The Inconsistency Between the Constitutional Arguments for the Mandate and Medicaid in the ACA

Now that Eugene has given me the electronic keys to this Conspiracy, I could not resist getting involved in the now-legendary discussion of the ACA…

There is a serious inconsistency between the government’s arguments for the mandate and for the Medicaid expansion. In a nutshell, these arguments make opposite assumptions about the effect of financial duress on states’ ability to execute their policy preferences. Defending the mandate, the government says states are individually incompetent to regulate insurance, because the first state to adopt generous rules would be inundated with the sick, and forced to abandon its policy. This is a basic race to the bottom story and has been around in Commerce Clause cases since the New Deal.
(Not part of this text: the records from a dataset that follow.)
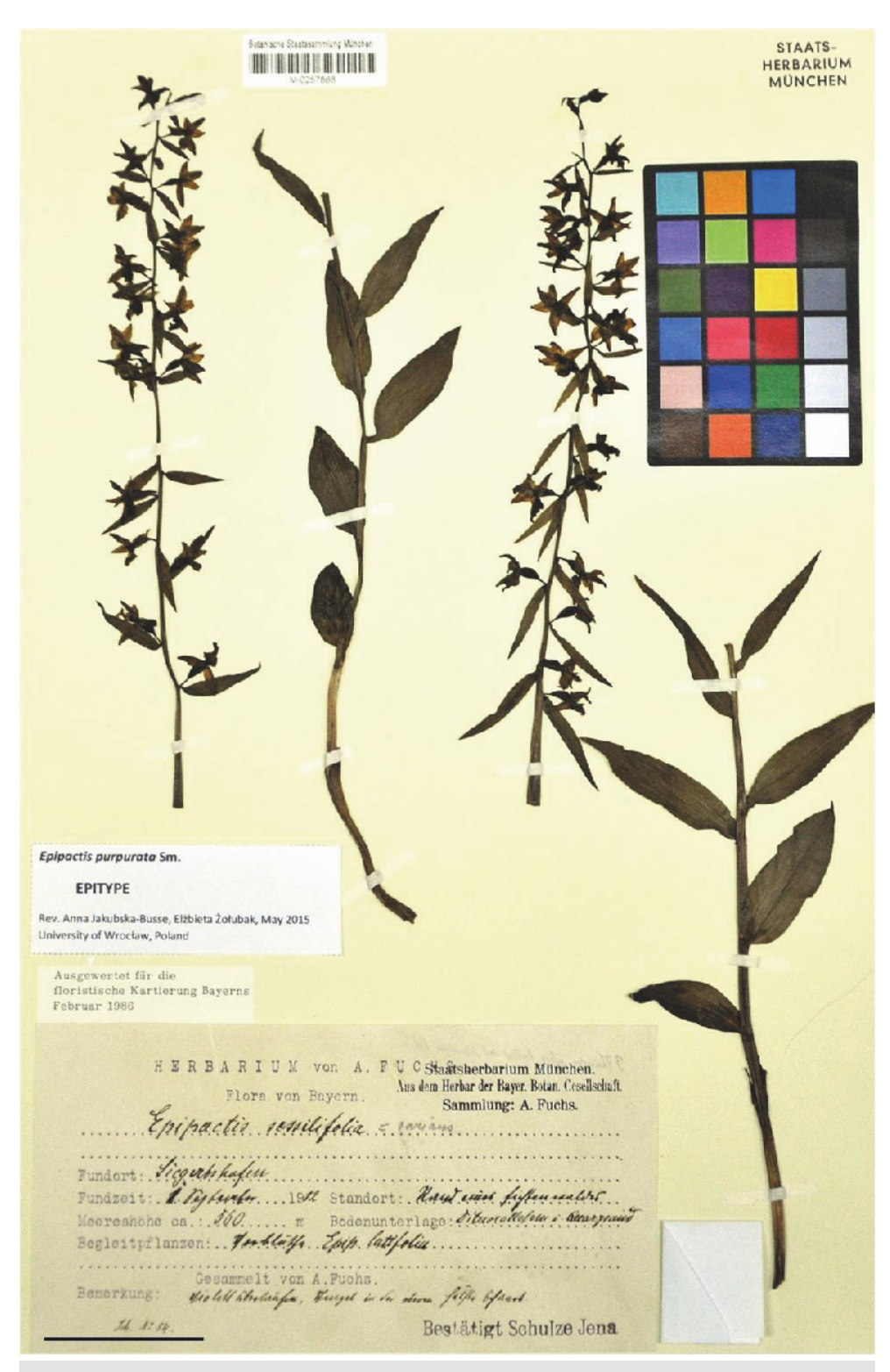
{f Fig.~2} Epitype specimen of Epipactis purpurata Sm. (M 257866). Scale bar: 5 cm.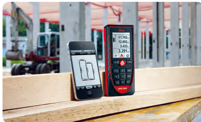
Data transfer with Bluetooth® Smart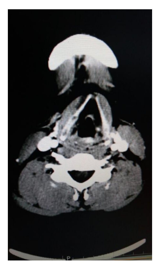
Figure 2. Contrast enhanced CT scan.

CO_2 laser is treatment of choice and Lucien et all successfully treated 5 out of 6 patients with supraglottic haemangioma with CO_2 laser [7]. We have treated our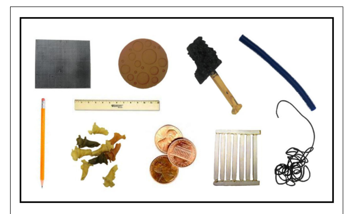
FIGURE 1 | Stimuli used during the experiment. There were four known objects (ruler, pennies, string, and pencil) and six novel objects. Please note that objects are not scaled according to size.

At the beginning of the experiment, children were told they were going to play a game in which they would learn to measure things. Adults were told that they were going to play a game that was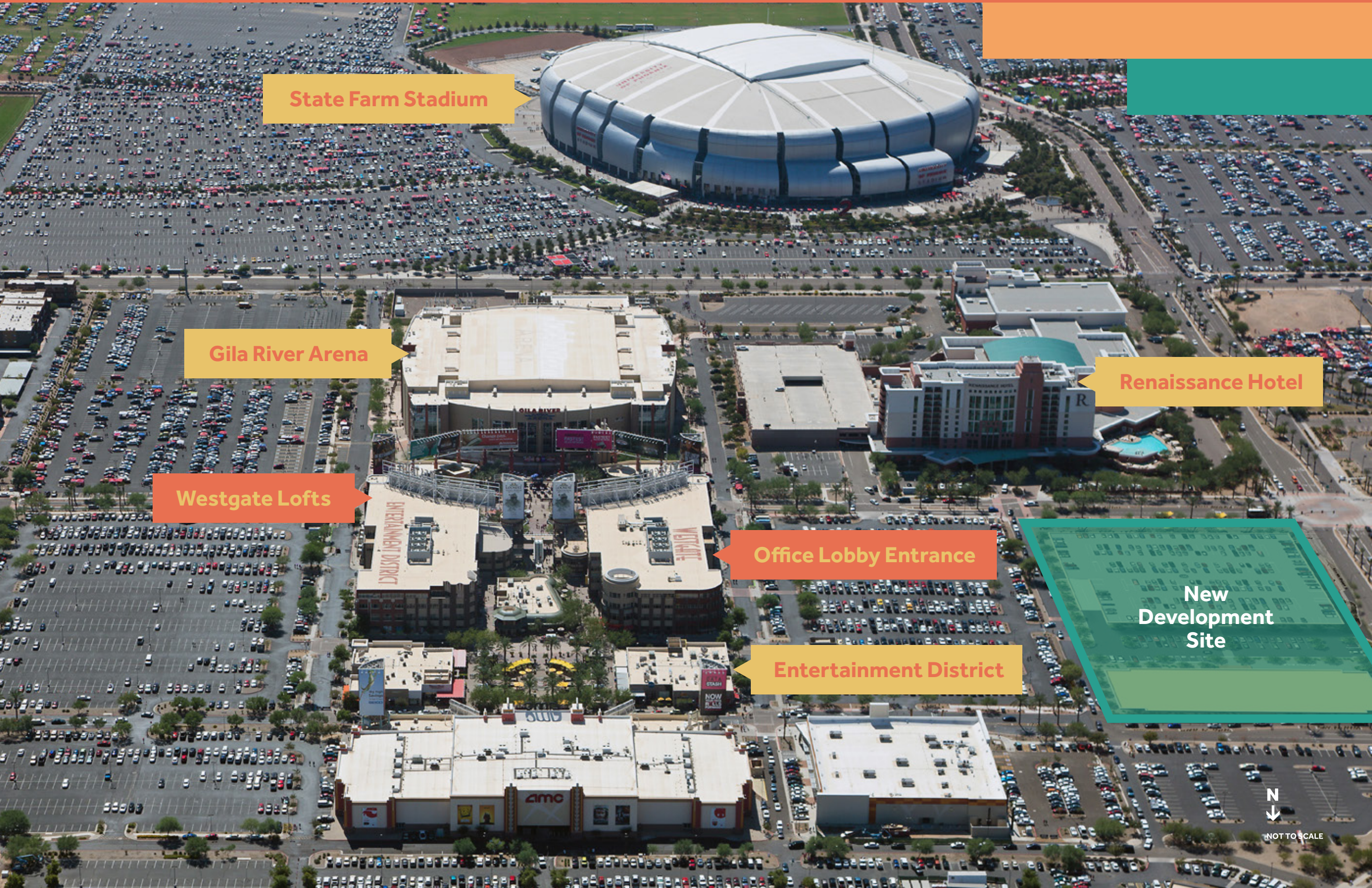
State Farm Stadium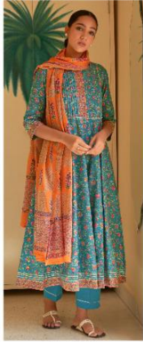
K - 203

Crucially, the argument takes financial realities as dispositive: states cannot realistically choose to experiment with medical insurance individually because it would be ruinous. The economic effects mean that states do not really have the power to choose individual regulatory regimes.

Yet turning to the Spending power, the government ask us to believe that states can realistically turn down federal medicaid funds, though it would be at least as ruinous if not more. Either the prospect of massive losses makes a states ability to pursue a certain course illusory or it does not. 

Incidentally, these two cases are not equal in that in that in the former, the ruinous consequences are a result of the market, in the latter a result of calculated federal efforts to make the offer unrefusable.